→ Data under study:
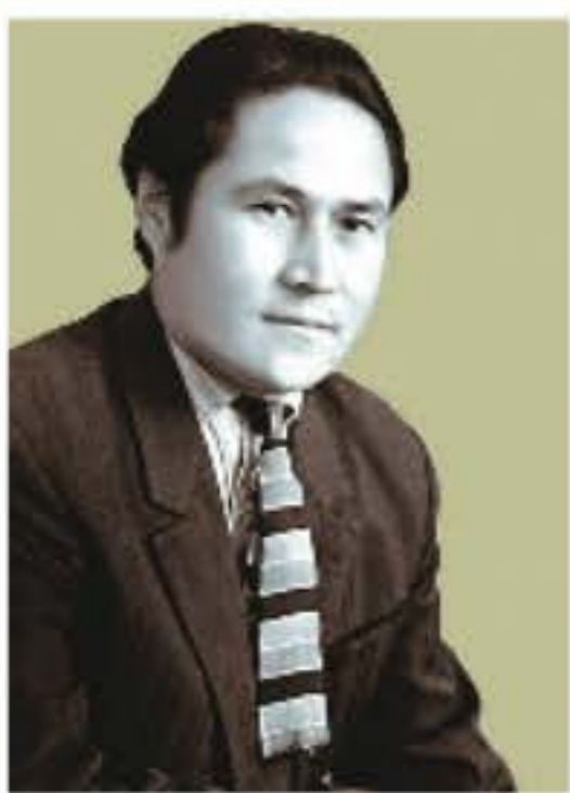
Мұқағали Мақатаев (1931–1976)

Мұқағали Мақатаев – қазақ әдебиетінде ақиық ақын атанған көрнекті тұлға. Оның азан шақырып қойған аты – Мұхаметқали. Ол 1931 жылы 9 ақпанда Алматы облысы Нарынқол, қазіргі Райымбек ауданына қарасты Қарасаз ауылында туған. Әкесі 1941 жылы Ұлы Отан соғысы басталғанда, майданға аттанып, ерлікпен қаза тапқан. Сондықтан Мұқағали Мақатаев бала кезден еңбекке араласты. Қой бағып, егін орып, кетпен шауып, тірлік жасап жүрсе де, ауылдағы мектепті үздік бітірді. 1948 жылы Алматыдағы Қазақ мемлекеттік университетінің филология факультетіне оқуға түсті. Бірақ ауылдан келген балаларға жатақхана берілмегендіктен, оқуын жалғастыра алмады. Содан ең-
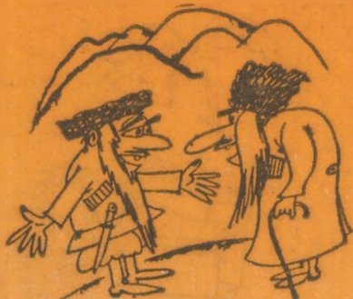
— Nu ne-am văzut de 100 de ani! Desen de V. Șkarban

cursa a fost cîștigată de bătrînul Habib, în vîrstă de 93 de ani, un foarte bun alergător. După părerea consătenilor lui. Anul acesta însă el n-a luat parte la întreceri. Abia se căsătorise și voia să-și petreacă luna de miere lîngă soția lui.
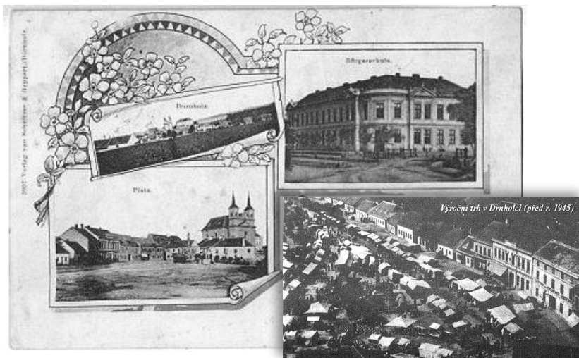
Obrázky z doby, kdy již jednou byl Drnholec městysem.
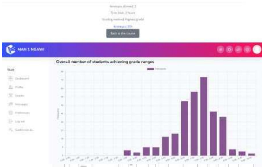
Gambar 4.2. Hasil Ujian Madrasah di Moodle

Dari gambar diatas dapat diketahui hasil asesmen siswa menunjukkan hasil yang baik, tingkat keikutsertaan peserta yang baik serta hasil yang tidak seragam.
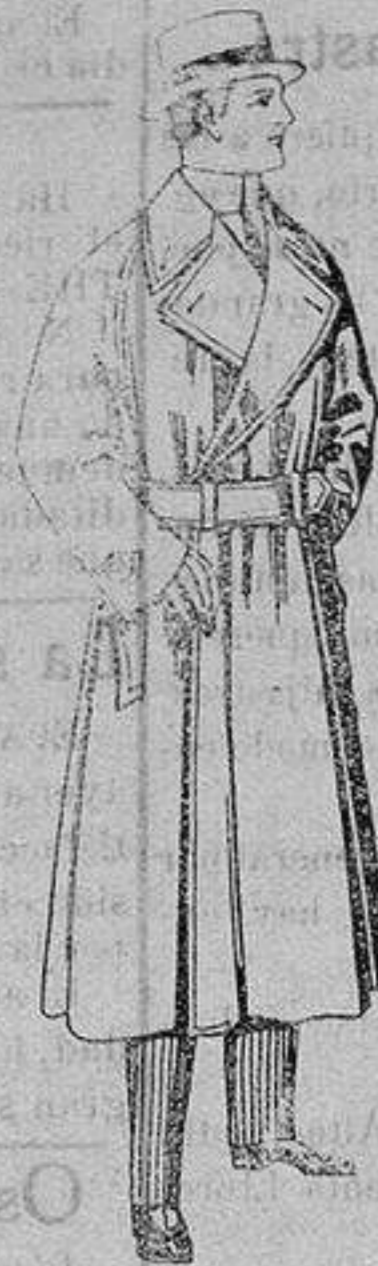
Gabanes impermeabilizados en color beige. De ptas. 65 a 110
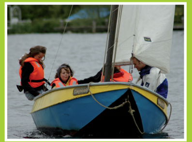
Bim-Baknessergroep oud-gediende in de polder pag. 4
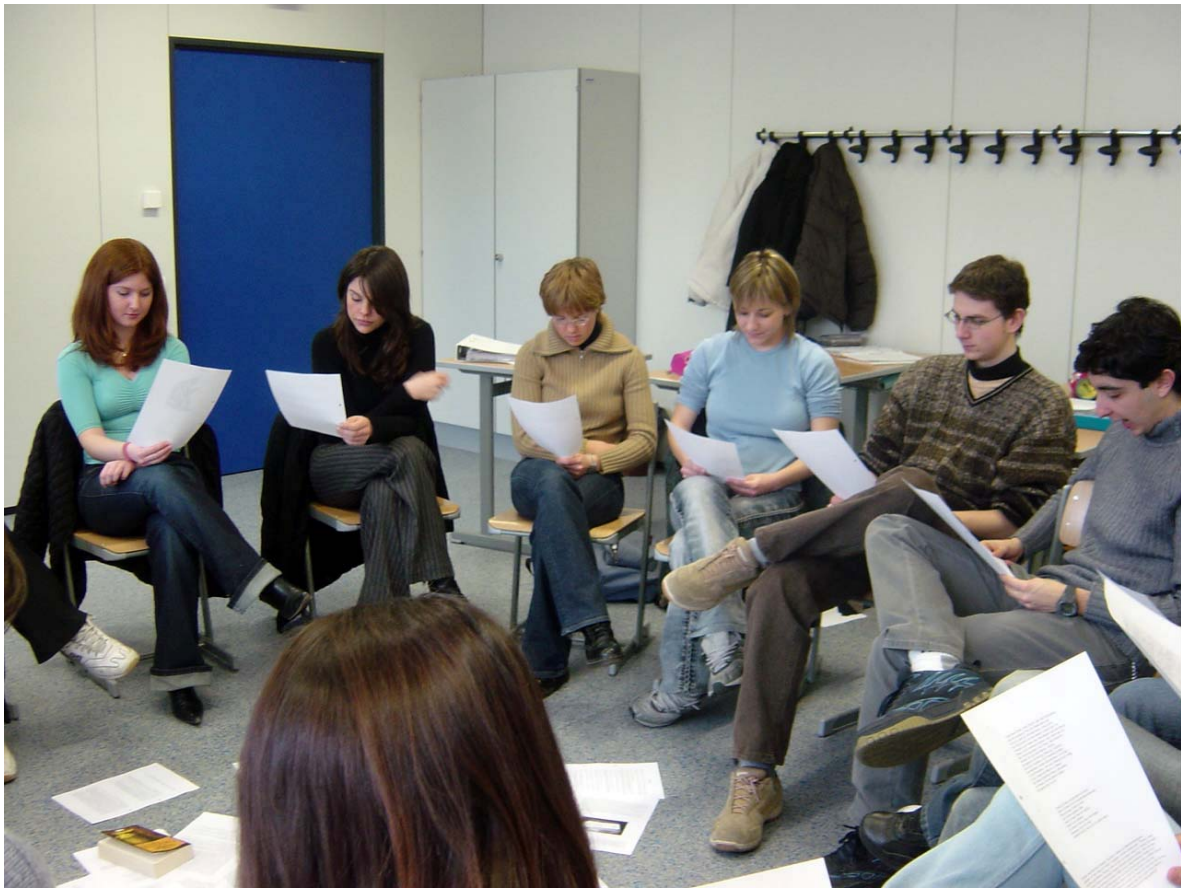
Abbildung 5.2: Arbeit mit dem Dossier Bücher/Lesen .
==
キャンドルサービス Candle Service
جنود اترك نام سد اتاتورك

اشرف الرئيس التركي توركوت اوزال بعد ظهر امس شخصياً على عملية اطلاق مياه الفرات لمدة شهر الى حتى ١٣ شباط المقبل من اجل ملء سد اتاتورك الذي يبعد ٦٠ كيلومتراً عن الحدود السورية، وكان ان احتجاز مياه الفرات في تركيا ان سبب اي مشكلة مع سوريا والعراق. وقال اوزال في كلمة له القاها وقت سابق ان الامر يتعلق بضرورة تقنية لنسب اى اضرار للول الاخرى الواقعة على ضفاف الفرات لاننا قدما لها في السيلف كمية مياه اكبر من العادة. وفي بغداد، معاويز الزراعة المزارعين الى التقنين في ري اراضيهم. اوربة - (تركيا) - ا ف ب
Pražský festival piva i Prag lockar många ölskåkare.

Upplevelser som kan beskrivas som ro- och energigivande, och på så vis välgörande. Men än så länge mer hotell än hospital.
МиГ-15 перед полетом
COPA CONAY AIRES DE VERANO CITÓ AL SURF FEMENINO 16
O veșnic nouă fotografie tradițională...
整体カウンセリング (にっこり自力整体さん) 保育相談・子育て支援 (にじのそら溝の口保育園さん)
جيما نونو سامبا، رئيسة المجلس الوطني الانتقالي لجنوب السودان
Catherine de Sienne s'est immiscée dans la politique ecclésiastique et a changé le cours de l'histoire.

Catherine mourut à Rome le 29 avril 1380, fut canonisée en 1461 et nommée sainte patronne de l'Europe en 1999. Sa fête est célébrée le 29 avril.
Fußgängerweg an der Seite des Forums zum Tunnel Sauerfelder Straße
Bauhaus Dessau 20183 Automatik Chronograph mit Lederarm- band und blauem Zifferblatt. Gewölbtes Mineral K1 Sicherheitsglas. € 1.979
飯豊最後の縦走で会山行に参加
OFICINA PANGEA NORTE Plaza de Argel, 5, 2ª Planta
---
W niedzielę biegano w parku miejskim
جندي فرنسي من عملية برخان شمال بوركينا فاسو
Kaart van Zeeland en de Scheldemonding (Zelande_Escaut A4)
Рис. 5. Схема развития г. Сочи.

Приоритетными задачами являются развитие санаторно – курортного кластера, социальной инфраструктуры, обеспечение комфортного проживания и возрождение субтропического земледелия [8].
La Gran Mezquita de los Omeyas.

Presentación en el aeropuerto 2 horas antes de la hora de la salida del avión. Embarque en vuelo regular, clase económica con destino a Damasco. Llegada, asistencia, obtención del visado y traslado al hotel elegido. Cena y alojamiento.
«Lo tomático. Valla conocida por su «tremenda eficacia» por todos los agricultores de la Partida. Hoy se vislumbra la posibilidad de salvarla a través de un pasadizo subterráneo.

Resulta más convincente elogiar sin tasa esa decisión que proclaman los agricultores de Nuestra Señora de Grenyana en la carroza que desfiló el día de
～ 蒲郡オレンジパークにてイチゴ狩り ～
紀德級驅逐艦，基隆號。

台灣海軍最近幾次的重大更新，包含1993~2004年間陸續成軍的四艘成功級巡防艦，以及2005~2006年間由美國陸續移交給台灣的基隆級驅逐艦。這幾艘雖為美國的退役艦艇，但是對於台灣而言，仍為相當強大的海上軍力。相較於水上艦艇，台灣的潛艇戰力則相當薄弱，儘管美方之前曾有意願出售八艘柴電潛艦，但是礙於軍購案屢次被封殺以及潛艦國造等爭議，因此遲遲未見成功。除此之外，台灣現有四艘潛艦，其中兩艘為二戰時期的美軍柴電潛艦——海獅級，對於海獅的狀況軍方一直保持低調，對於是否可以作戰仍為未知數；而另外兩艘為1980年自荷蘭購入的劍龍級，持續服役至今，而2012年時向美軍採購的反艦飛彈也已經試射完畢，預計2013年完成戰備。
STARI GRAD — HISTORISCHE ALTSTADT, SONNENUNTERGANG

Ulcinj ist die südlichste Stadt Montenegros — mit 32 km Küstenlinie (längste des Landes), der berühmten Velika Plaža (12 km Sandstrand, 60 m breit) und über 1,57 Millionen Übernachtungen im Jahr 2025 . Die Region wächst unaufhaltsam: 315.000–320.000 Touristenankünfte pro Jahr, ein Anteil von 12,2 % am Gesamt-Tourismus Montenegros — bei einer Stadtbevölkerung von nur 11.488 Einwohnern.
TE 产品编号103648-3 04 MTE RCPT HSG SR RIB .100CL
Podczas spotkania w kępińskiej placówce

→ Exercise prompt:
Using the listing above, return word for word each line from the one that has "Gambar 4.2. Hasil Ujian Madrasah di Moodle" through the one that has "Dari gambar diatas", and no line outside that range.

→ Response:
Gambar 4.2. Hasil Ujian Madrasah di Moodle

Dari gambar diatas dapat diketahui hasil asesmen siswa menunjukkan hasil yang baik, tingkat keikutsertaan peserta yang baik serta hasil yang tidak seragam.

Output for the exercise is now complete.